## INSTRUCTIONS TO FOLLOW:
The line containing "Invitez vos invités" and each line after it, through the final line of the data, are to be retyped exactly, with pictures left out.

(Records from a collection)
******************************

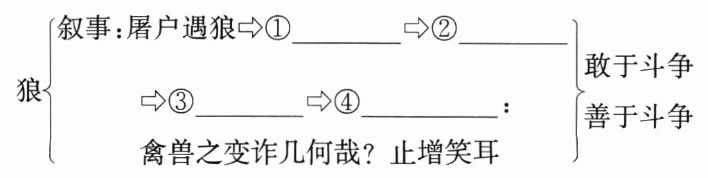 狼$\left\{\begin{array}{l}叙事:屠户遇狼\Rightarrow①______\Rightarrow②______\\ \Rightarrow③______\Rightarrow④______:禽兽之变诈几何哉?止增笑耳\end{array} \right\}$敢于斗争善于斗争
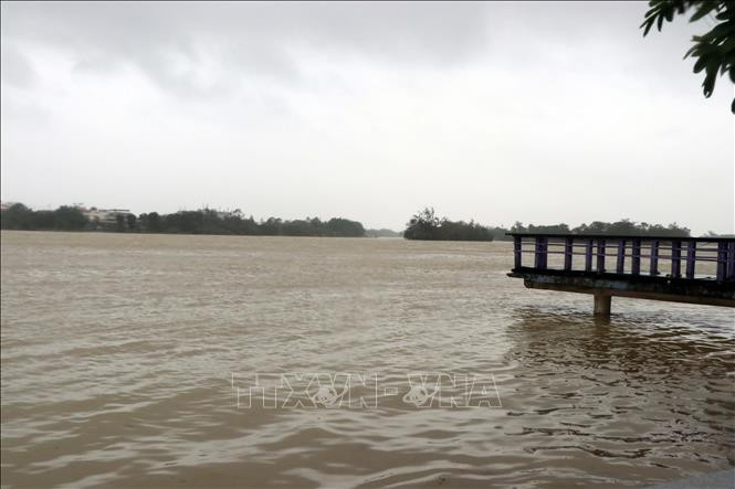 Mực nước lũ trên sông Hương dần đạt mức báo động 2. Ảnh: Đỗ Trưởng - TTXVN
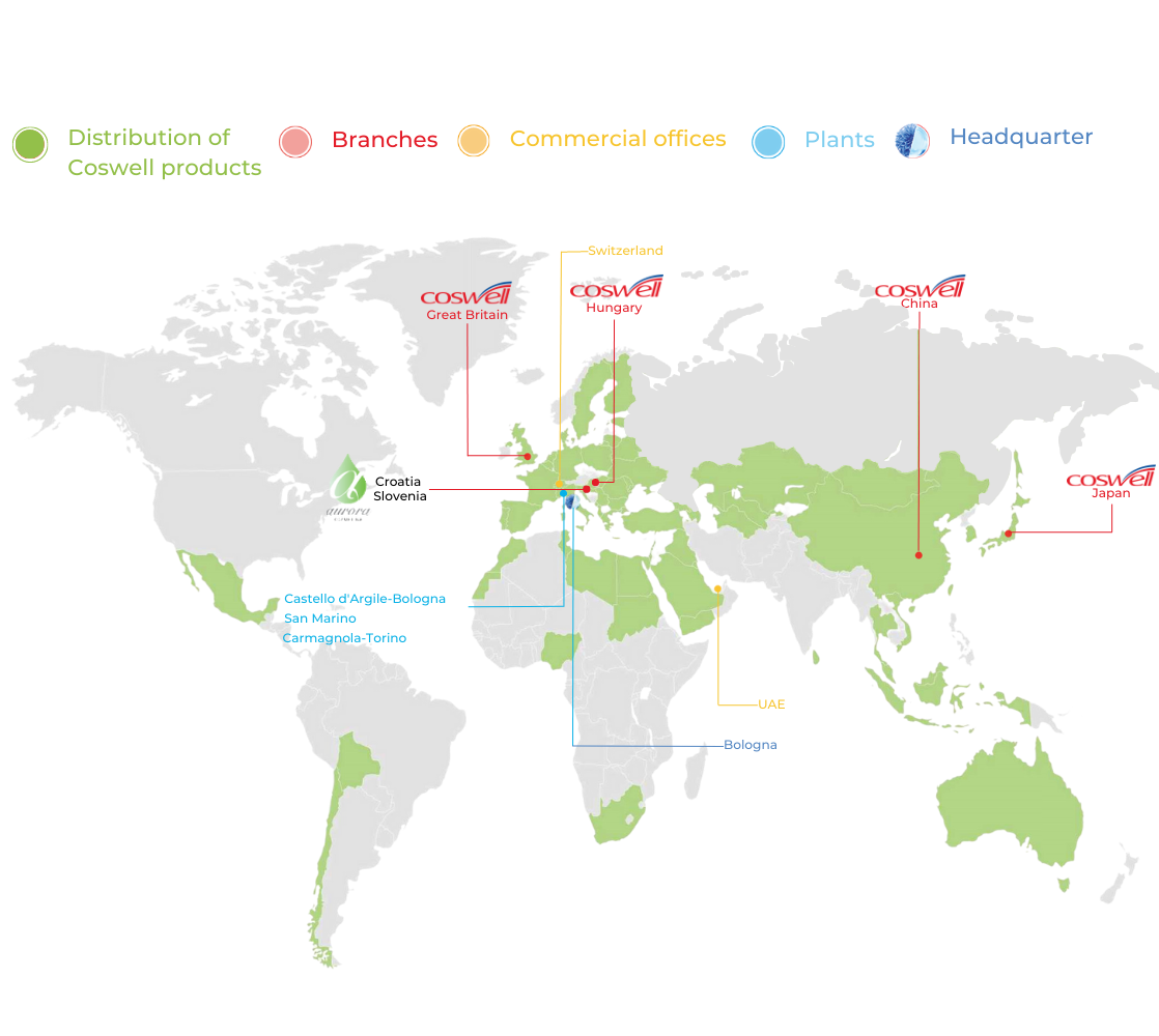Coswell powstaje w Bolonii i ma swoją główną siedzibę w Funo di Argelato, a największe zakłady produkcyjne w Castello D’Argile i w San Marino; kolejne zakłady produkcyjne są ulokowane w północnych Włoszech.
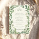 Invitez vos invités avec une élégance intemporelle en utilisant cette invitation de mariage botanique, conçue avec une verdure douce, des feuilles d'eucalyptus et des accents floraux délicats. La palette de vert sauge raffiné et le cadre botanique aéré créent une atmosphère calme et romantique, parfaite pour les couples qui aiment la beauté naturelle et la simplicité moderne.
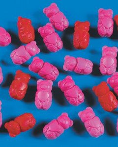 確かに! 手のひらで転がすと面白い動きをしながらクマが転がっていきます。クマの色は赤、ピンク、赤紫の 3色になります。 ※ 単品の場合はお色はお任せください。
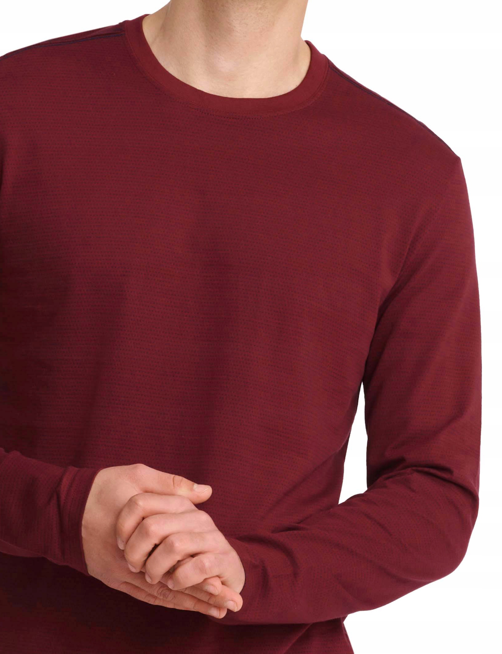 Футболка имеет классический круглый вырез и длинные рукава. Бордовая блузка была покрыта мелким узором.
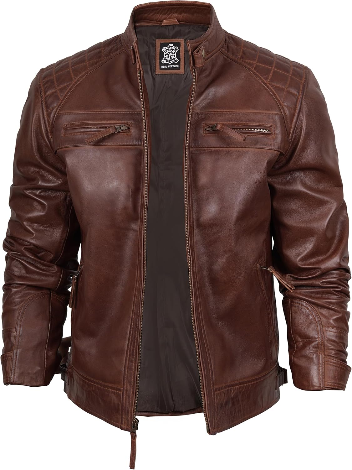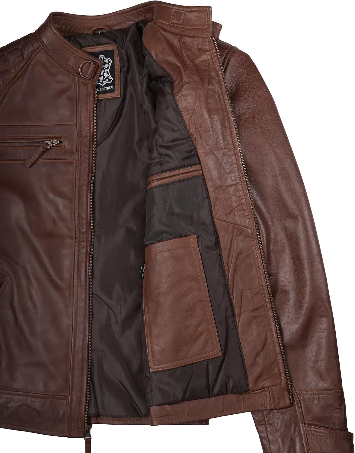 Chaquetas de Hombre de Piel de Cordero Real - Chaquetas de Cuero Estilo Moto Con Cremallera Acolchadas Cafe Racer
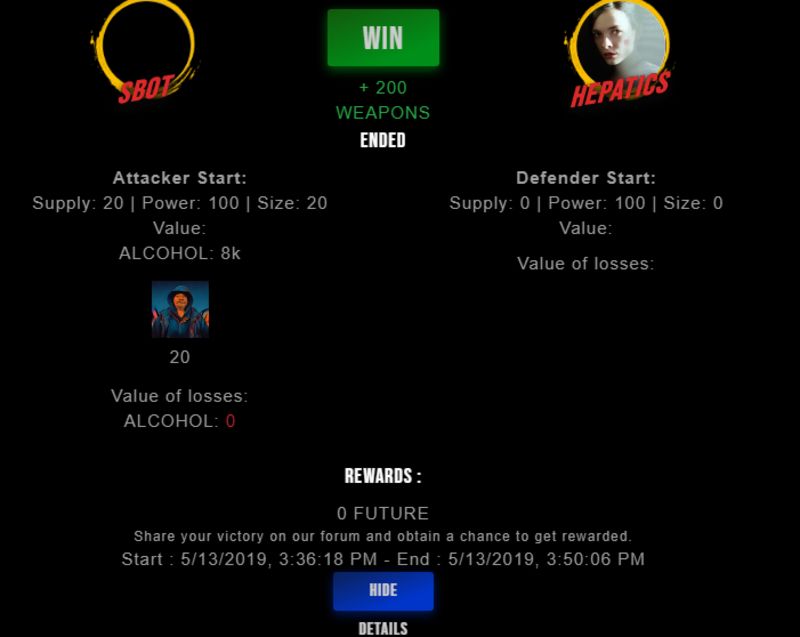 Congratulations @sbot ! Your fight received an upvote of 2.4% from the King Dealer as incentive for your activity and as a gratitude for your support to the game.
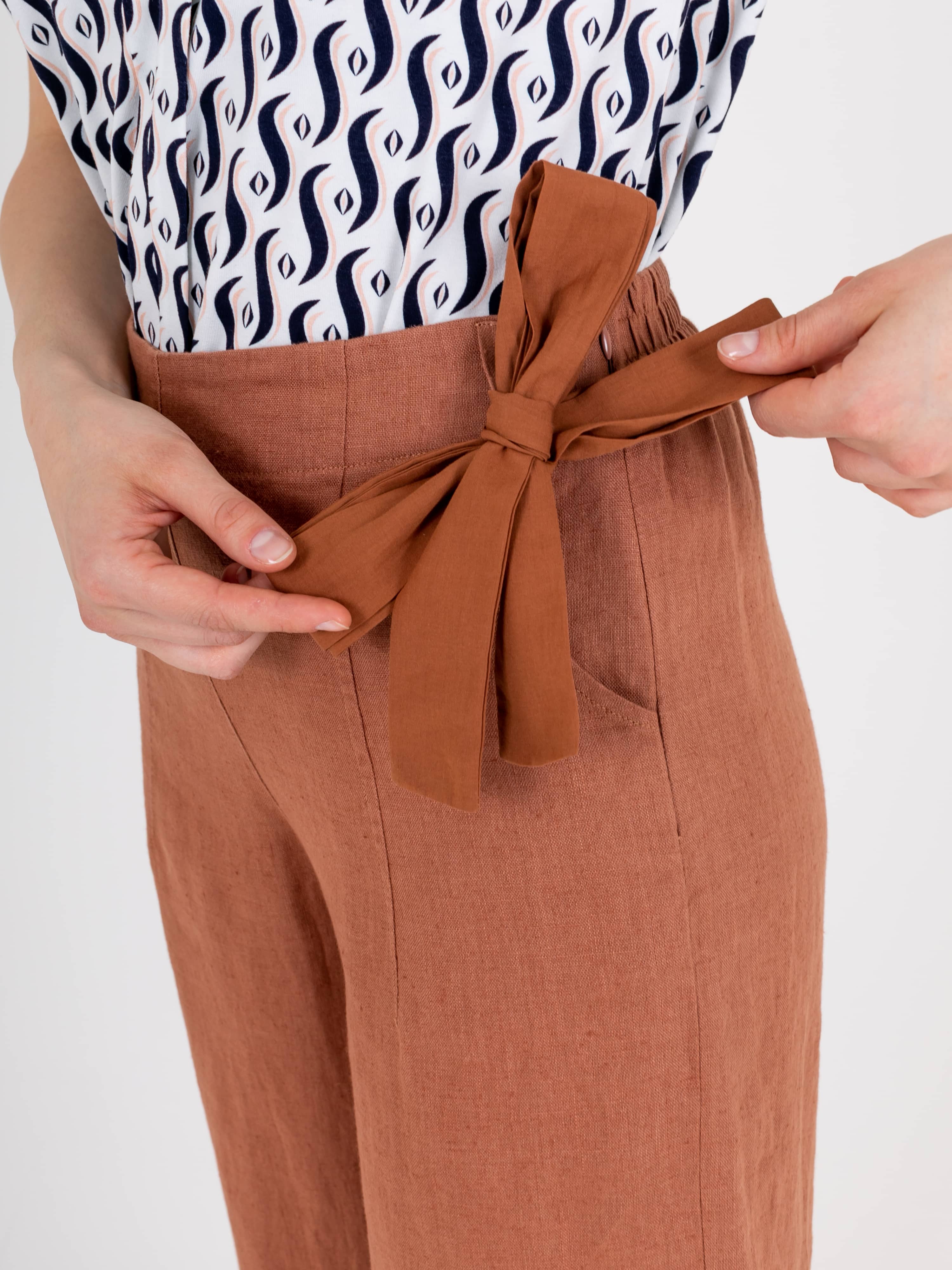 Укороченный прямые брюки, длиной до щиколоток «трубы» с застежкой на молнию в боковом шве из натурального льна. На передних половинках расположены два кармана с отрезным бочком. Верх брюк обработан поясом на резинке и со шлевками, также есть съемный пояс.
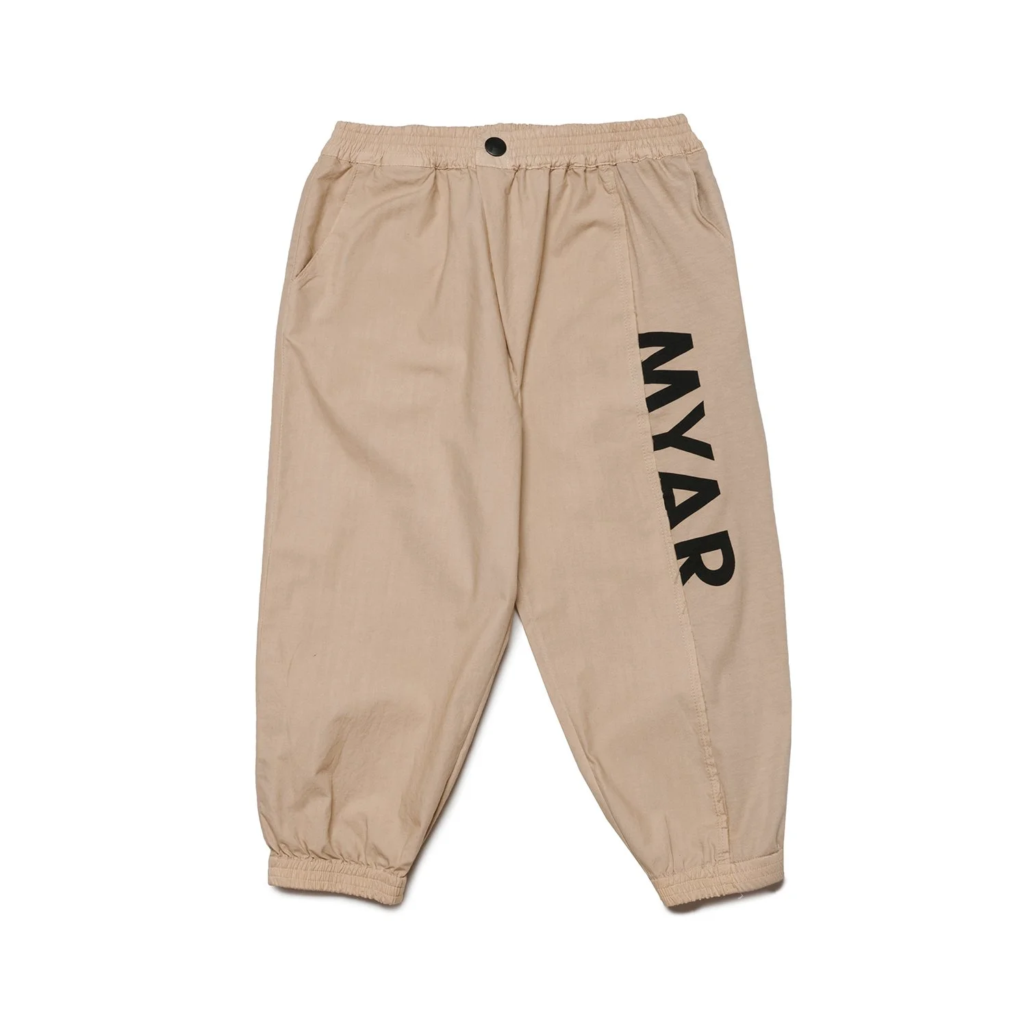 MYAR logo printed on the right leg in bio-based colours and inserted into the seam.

******************************

## SOLVED PROBLEM:
 Invitez vos invités avec une élégance intemporelle en utilisant cette invitation de mariage botanique, conçue avec une verdure douce, des feuilles d'eucalyptus et des accents floraux délicats. La palette de vert sauge raffiné et le cadre botanique aéré créent une atmosphère calme et romantique, parfaite pour les couples qui aiment la beauté naturelle et la simplicité moderne.
 確かに! 手のひらで転がすと面白い動きをしながらクマが転がっていきます。クマの色は赤、ピンク、赤紫の 3色になります。 ※ 単品の場合はお色はお任せください。
 Футболка имеет классический круглый вырез и длинные рукава. Бордовая блузка была покрыта мелким узором.
 Chaquetas de Hombre de Piel de Cordero Real - Chaquetas de Cuero Estilo Moto Con Cremallera Acolchadas Cafe Racer
 Congratulations @sbot ! Your fight received an upvote of 2.4% from the King Dealer as incentive for your activity and as a gratitude for your support to the game.
 Укороченный прямые брюки, длиной до щиколоток «трубы» с застежкой на молнию в боковом шве из натурального льна. На передних половинках расположены два кармана с отрезным бочком. Верх брюк обработан поясом на резинке и со шлевками, также есть съемный пояс.
 MYAR logo printed on the right leg in bio-based colours and inserted into the seam.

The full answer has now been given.